On the other hand, the Rereadings series is also explicitly conceived of as “writerly.” What the editors want isn’t a standard academic monograph on a single book. You’re not getting the reader’s guide to Gravity’s Rainbow or Ulysses. Such books still frequently get written, to be sure — but what Rereadings is asking for, by contrast, is an affectively charged, even personal reading of a book.
So — maybe I’m wrong about this claim — my sense is that though university presses often publish single-author scholarship, there’s still a felt sense that one’s focus on the single author, or on the single text for that matter, is something that stands outside the normal protocols of scholarly communication. Maybe you have a side project collecting the interviews of an author you like, or doing an edited collection on a specific popular author (I’ve done two of these).
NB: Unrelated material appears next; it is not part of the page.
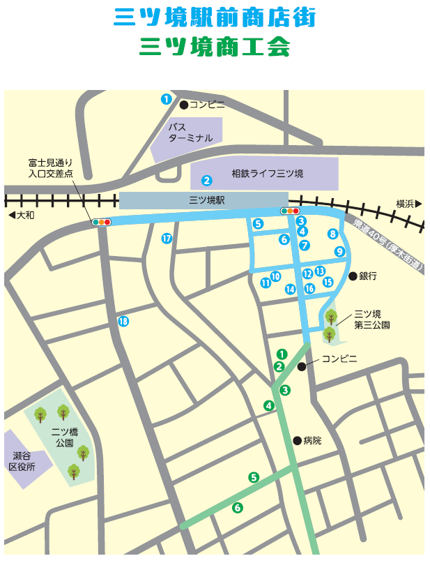 三ツ境商工会 (三ツ境駅南口) ※地図下側 緑色

But writing about an author as your main line of scholarly research is somewhat unusual. To do so, what is required is a writerly bonus, what I would describe as the idiom the New Public Intellectual that so many graduate students, postdocs, adjunct faculty, and younger tenure line faculty have pursued.
Newly professionalizing academics are supposed to apply for that job that asks for a very broad area of disciplinary competence. But they’re also asked to show their worth by writing in and for the public, explaining the value of what they do in various para-academic settings, including Twitter. If once upon a time, before the Theory era, we studied Authors, and in the Theory era we studied Theorists as if they were Authors, today it’s Aspiring Academics themselveswho are often being asked to shape themselves into Authors.
In this context, the single-author study offers another opportunity to add to that portfolio, but only if such a study breaks out of the traditional bounds of specialization. The hypothetical general reader still “connects with” single authors, we’re told, and in an era of Austerity the great ambition of the single-author study is, often, to get out of the library annex and into the hands of those who may not be academics, or at least those who do not have any prospects of finding stable or permanent employment in the academy.
In conclusion I’ll say, I don’t offer this highly stylized description of the status of the single-author study as an endorsement or condemnation of the genre — I obviously like the genre and have enthusiastically pursued it, and the Rereadings series is awesome (buy my book!) — but rather I offer my description as diagnosis of the conditions under which many of us write today, ultimately offering what I hope is a very conventional claim, that the economic and institutional conditions of academic labor have intellectual and aesthetic effects.